Task goal:
Go to the line with "In Italia il" in the records below, then output it and each following line exactly, up to and including the line with "Děkan Fakulty rybářství". Skip pictures and add nothing.
------------
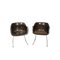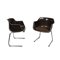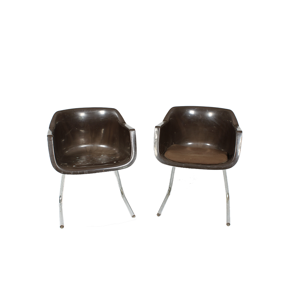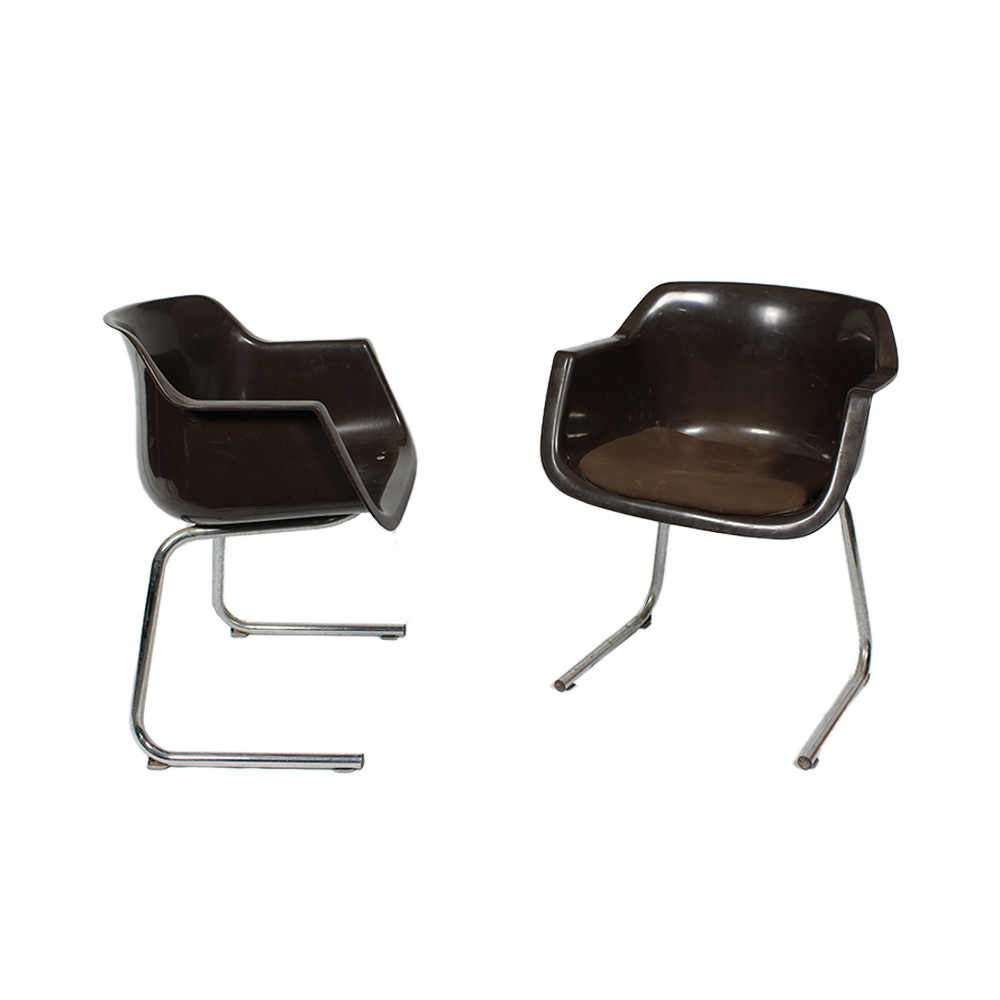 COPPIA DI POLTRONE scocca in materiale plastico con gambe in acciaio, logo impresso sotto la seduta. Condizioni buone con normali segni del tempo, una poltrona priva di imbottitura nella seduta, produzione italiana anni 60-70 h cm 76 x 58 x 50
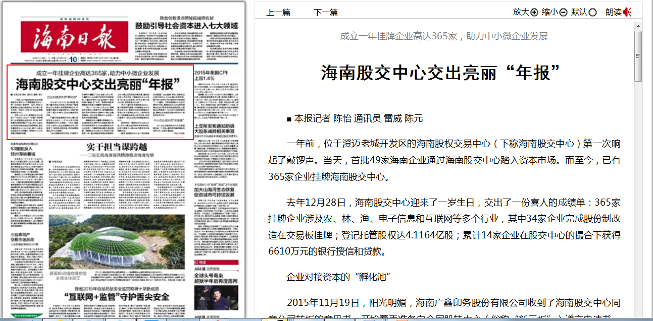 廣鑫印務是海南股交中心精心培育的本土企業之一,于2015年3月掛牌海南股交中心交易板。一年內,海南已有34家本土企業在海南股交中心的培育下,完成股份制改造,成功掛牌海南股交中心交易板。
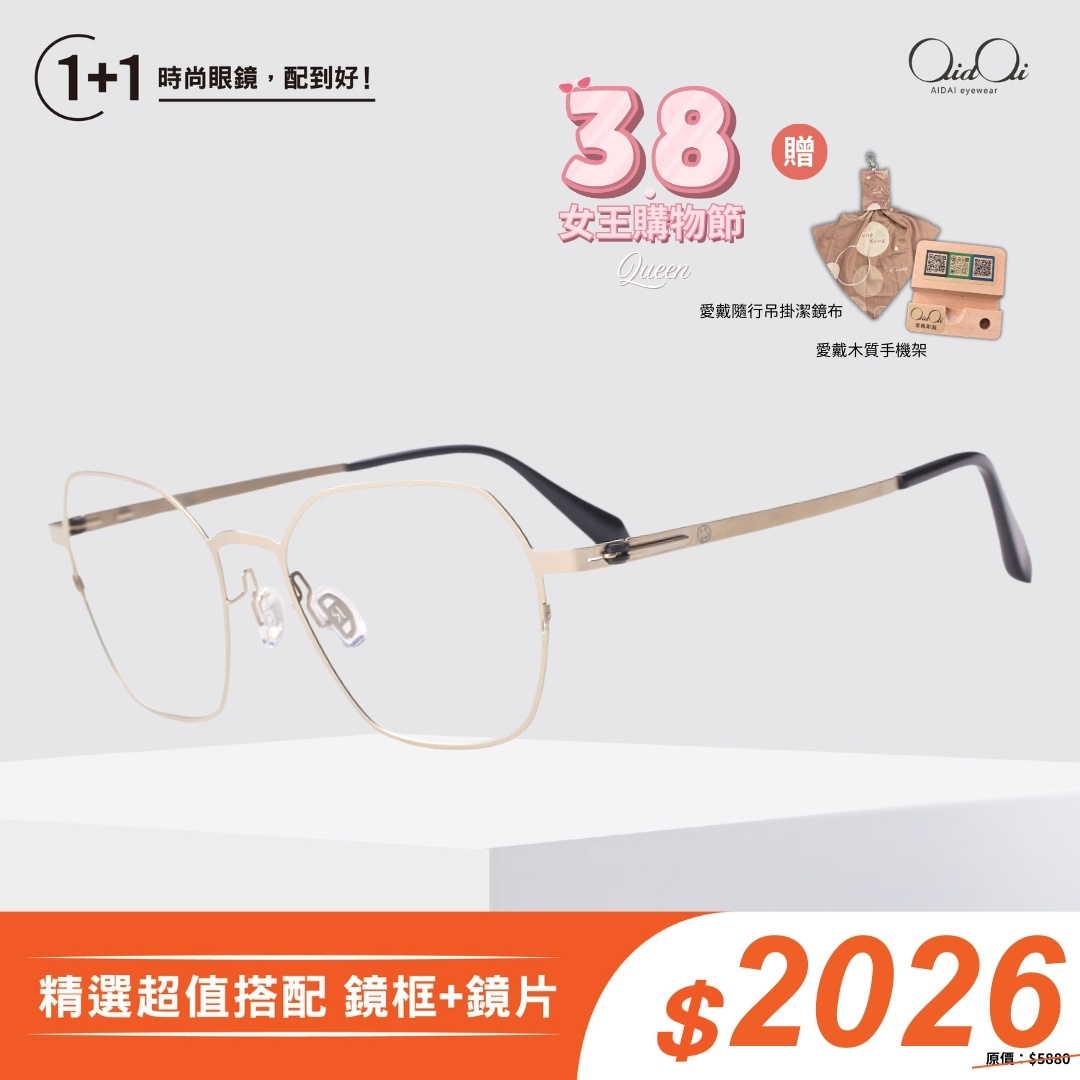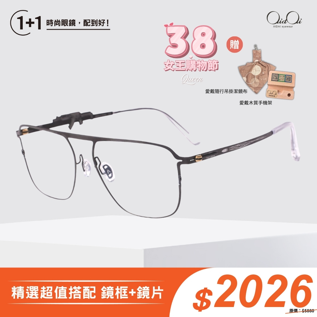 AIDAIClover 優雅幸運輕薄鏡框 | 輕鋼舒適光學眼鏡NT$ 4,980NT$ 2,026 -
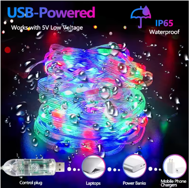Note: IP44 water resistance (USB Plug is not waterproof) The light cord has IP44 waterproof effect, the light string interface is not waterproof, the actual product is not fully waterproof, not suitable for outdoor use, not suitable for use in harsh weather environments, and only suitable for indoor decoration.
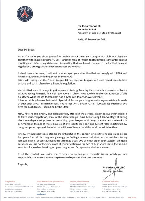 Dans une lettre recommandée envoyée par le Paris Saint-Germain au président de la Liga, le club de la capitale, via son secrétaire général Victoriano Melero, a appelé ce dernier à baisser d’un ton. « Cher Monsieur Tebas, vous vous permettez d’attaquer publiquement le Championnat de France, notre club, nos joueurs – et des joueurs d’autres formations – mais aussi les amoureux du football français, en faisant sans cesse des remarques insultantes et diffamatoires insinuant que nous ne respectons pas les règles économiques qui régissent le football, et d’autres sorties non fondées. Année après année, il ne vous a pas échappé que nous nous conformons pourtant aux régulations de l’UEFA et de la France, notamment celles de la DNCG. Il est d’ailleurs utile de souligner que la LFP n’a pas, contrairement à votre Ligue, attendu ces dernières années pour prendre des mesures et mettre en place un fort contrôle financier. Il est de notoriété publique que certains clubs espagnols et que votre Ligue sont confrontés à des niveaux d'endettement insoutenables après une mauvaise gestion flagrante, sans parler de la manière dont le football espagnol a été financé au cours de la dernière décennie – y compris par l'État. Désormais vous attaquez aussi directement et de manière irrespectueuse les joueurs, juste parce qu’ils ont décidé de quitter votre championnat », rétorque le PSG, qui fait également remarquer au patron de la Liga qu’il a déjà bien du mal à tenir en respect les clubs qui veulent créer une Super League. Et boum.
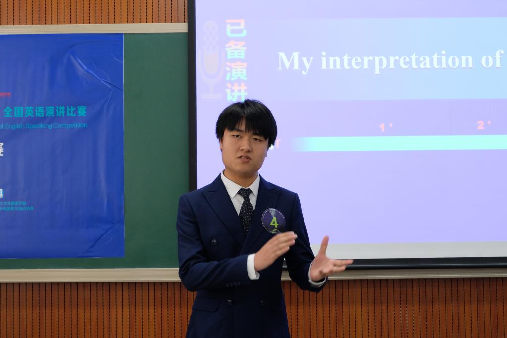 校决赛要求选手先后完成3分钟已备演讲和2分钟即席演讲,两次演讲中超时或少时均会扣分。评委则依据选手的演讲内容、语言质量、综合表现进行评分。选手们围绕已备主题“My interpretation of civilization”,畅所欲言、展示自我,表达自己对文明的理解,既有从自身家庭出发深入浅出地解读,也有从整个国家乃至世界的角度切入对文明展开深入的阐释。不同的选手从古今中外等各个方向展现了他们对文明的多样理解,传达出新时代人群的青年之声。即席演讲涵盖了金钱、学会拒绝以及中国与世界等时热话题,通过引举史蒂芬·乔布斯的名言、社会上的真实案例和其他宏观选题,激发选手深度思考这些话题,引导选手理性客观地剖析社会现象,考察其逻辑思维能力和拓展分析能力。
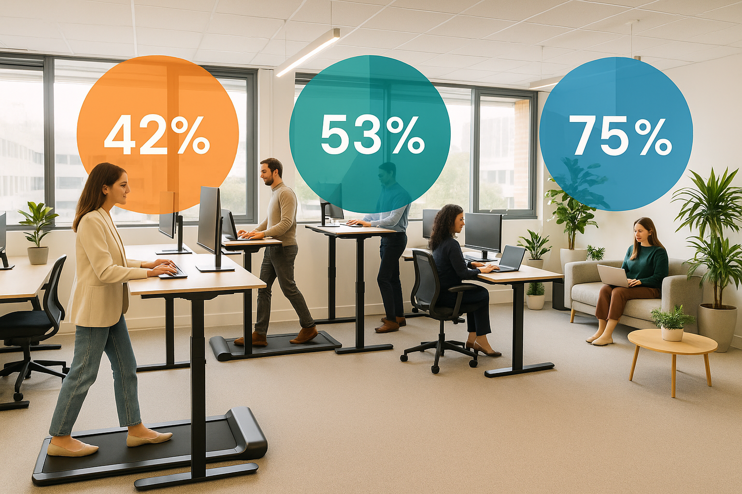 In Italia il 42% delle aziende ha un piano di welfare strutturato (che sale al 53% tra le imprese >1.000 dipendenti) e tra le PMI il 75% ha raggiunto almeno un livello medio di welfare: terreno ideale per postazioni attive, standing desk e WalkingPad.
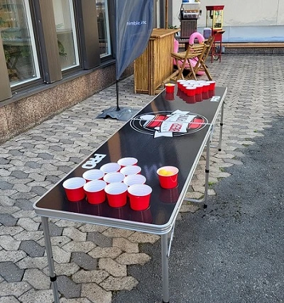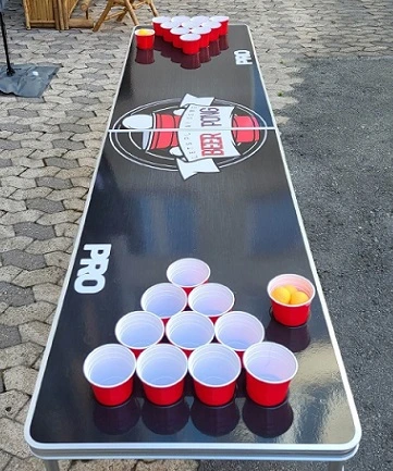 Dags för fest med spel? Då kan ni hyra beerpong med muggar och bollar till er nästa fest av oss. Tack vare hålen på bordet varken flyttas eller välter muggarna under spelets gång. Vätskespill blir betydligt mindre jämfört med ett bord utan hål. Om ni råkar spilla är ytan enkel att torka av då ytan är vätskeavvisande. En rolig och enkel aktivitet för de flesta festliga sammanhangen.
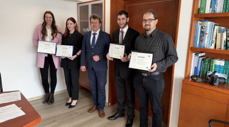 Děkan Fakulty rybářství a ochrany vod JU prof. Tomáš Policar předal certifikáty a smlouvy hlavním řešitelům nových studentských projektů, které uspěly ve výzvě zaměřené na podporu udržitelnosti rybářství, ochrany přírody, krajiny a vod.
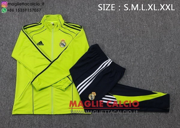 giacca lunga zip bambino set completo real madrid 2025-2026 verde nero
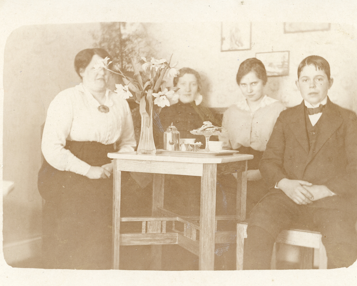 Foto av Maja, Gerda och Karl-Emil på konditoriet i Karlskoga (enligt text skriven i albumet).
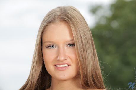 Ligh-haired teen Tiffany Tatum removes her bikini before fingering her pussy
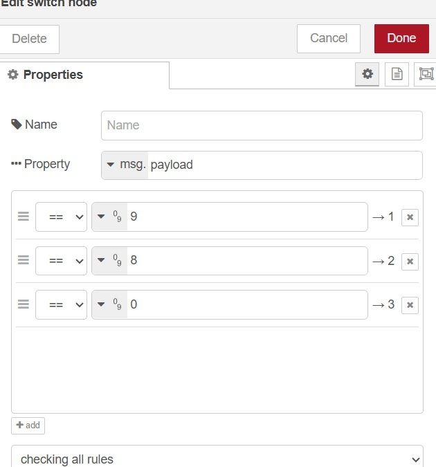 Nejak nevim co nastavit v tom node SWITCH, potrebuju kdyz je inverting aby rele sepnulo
------------
Result:
 In Italia il 42% delle aziende ha un piano di welfare strutturato (che sale al 53% tra le imprese >1.000 dipendenti) e tra le PMI il 75% ha raggiunto almeno un livello medio di welfare: terreno ideale per postazioni attive, standing desk e WalkingPad.
 Dags för fest med spel? Då kan ni hyra beerpong med muggar och bollar till er nästa fest av oss. Tack vare hålen på bordet varken flyttas eller välter muggarna under spelets gång. Vätskespill blir betydligt mindre jämfört med ett bord utan hål. Om ni råkar spilla är ytan enkel att torka av då ytan är vätskeavvisande. En rolig och enkel aktivitet för de flesta festliga sammanhangen.
 Děkan Fakulty rybářství a ochrany vod JU prof. Tomáš Policar předal certifikáty a smlouvy hlavním řešitelům nových studentských projektů, které uspěly ve výzvě zaměřené na podporu udržitelnosti rybářství, ochrany přírody, krajiny a vod.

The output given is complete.